* _Task brief_: Given the records underneath, please repeat exactly the lines from the line with "9月9日,第五直管部承建的昆" through the line with "長30厘米,寬18.5厘米,厚5厘米,呈", passing over any picture.

* _Exercise input_:
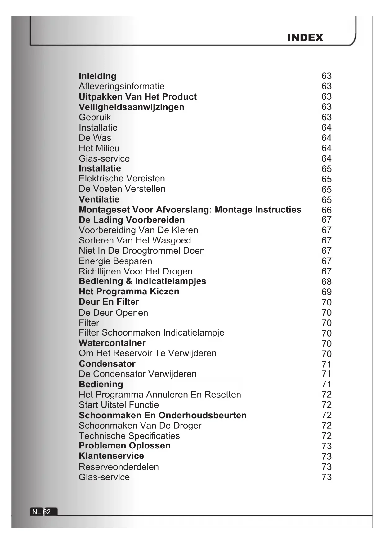 ● Deze machine is alleen voor huishoudelijk gebruik, m.a.w. voor het drogen van huishoudelijk textiel en kleding. ● Dit apparaat mag uitsluitend gebruikt worden voor het doel waarvoor het vervaardigd is, zoals dat in deze handleiding beschreven wordt. Verzeker u ervan dat u de instructies voor de installatie en het gebruik volledig begrijpt voordat u de machine gebruikt.● Raak de machine niet aan als uw handen of voeten nat of vochtig zijn. ● Leun niet tegen de deur als u de machine laadt en gebruik de deur niet om de machine op te tillen of te verplaatsen.● Sta niet toe dat kinderen met de machine of de bediening ervan spelen. ● WAARSCHUWING Gebruik het apparaat niet als de pluizenfilter niet geplaatst of beschadigd is; pluis kan ontbranden. ● WAARSCHUWING Op de plaats van het symbool voor warm oppervlak kan de temperatuur tijdens het drogen tot meer dan 60 graden C stijgen. ● Haal de stekker uit het stopcontact. Haal altijd de stekker uit het stopcontact voordat u de machine schoonmaakt.● Blijf deze machine niet gebruiken als ze een gebrek lijkt te hebben. ● Pluizen of dons mogen zich niet op de grond rondom de buitenkant van de machine ophopen.
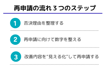 銀行が再申請で注目するのは、前回からの変化です。同じ数字・同じ資料のままでは結果は変わりません。財務内容・納税状況・信用情報など、数値で改善を示すことが重要です。 - STEP3改善内容を可視化して再申請する
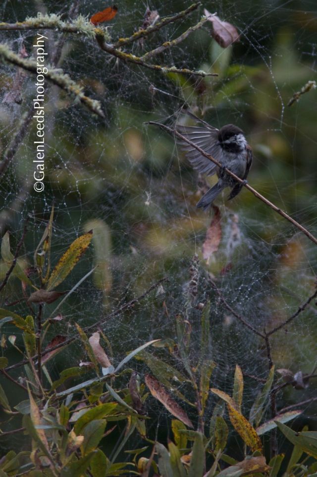 Massive webs! Even though I sometimes let nature take its course and not interfere, I would have responded by going to the rescue too.I just love chickadees. Good that it got away on it’s own. Ha! Maybe it thought you were the spider coming for the meal and gave one huge effort to get away.Nice to see your posts again, Galen.
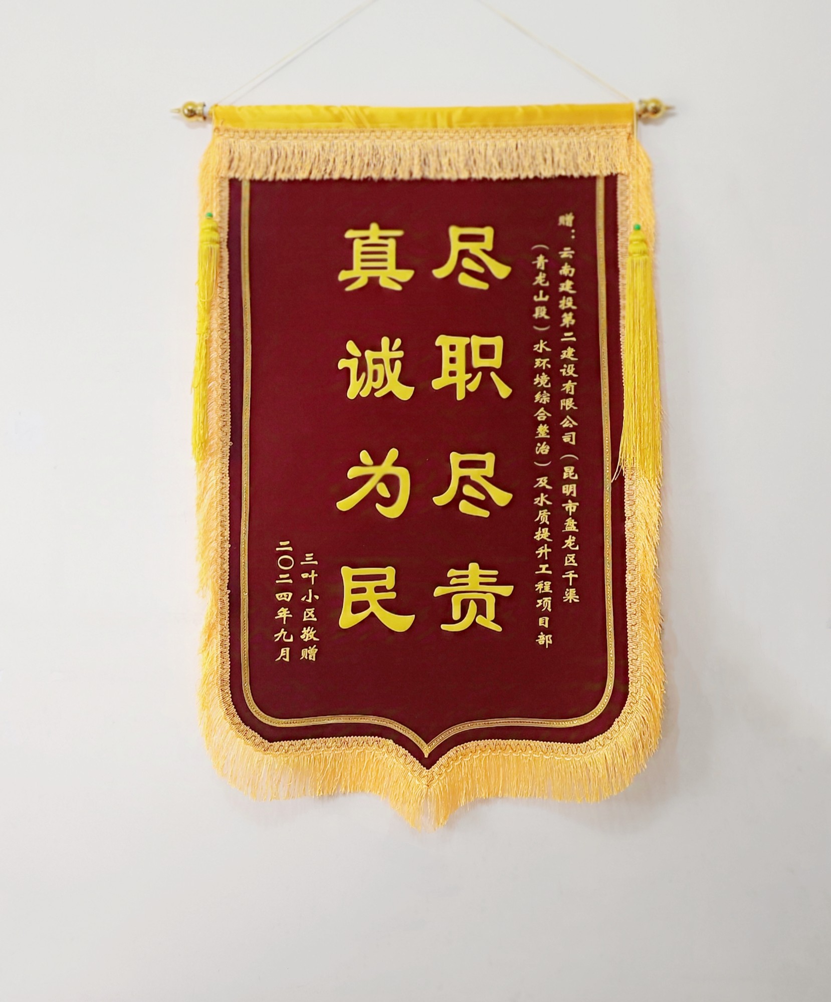 9月9日,第五直管部承建的昆明市盤龍東干渠施工項目收到了來自三葉小區(qū)的一面錦旗,錦旗上印有“盡職盡責(zé)、真誠為民”幾個大字,點贊項目團隊高效推進項目建設(shè),為周邊小區(qū)居民生活提供了便利。
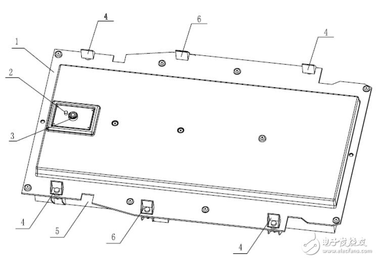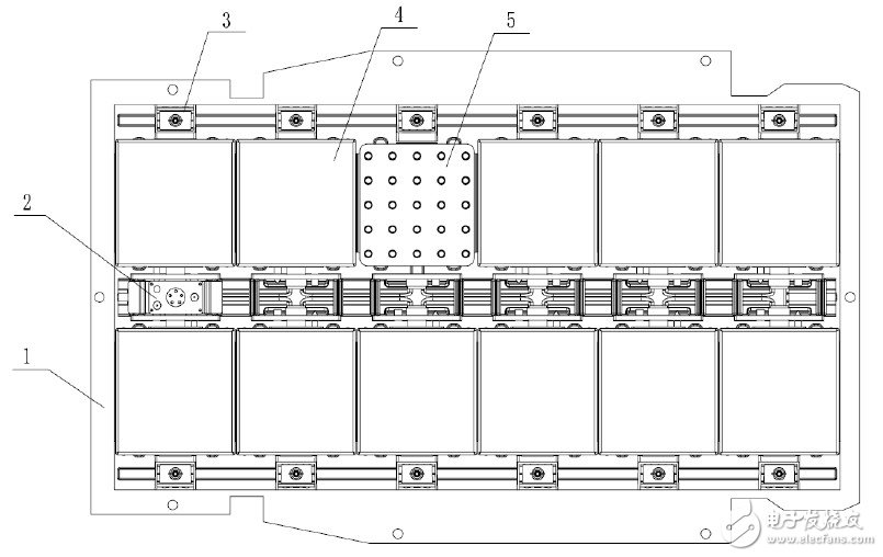 1.电池箱下盖 2.电源总线和通讯线插座 3.压紧机构 4.标准化电池模块 5. 滚动导向机构
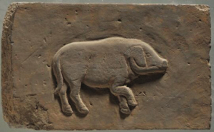 長30厘米,寬18.5厘米,厚5厘米,呈長方形。畫面中央為一只側(cè)身的小豬。小豬形象逼真,一只前踢抬起,體態(tài)肥碩,造型可愛,刻畫精細(xì)。
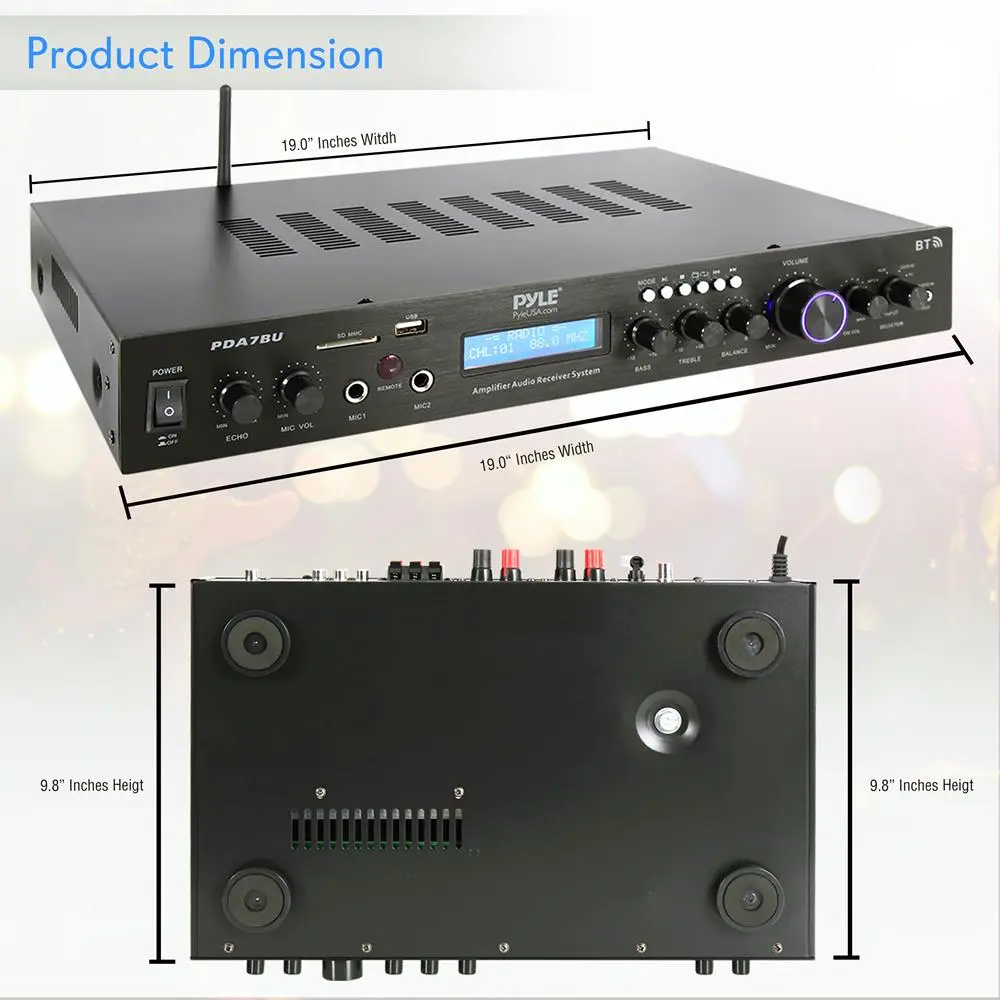 The Pyle Home Theater Amplifier Audio Receiver Sound System with Bluetooth Wireless Streaming, MP3/USB/SD/AUX/FM Radio (200 Watt) - Rack Mount Amplifier Receiver - 2.1 Channel Audio Amp Design - Bluetooth Wireless Audio Streaming Ability - USB Flash & SD Memory Card Readers - FM Radio with Digital LCD Display - ID3 Tag Readout Displays Song Title - Aux (3.5mm) Input Jack - Connect & Stream Audio from External Devices - Multi-Source RCA (L/R) Audio Input Connectors - (2) 1/4’’ Microphone Inputs - Spring-Loaded Speaker Terminals - Combo Screw-Type Banana Plug Speaker Jacks - RCA Subwoofer Output - Front Panel Button Control Center - Independent Input Source Selectable.
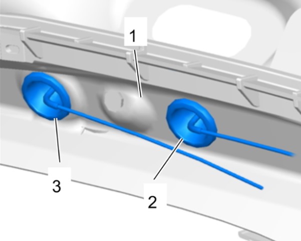 6 Удалить резиновые втулки -2, 3- антенны и дополнительного стоп-сигнала из задней крышки -1- и вынуть антенный кабель.
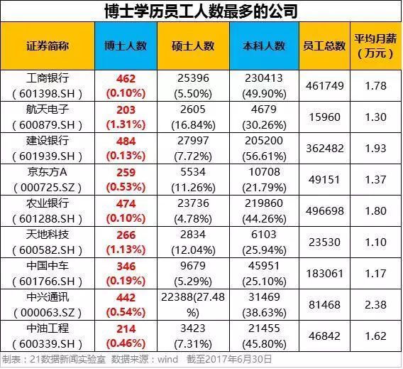 2017中报刚刚披露完毕,21数据新闻实验室通过统计3347家A股上市公司的人员构成和薪酬分布发现,作为人均月薪最高的银行和非银金融行业,其硕士及以上学历员工人数占比也位居TOP3。
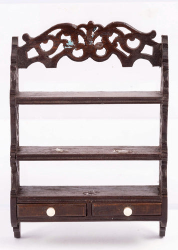 Dollhouse Miniature ~ Wooden Hanging Shelf with Fretwork & Drawers

* _Answer below_:
 9月9日,第五直管部承建的昆明市盤龍東干渠施工項目收到了來自三葉小區(qū)的一面錦旗,錦旗上印有“盡職盡責(zé)、真誠為民”幾個大字,點贊項目團隊高效推進項目建設(shè),為周邊小區(qū)居民生活提供了便利。
 1.电池箱下盖 2.电源总线和通讯线插座 3.压紧机构 4.标准化电池模块 5. 滚动导向机构
 長30厘米,寬18.5厘米,厚5厘米,呈長方形。畫面中央為一只側(cè)身的小豬。小豬形象逼真,一只前踢抬起,體態(tài)肥碩,造型可愛,刻畫精細(xì)。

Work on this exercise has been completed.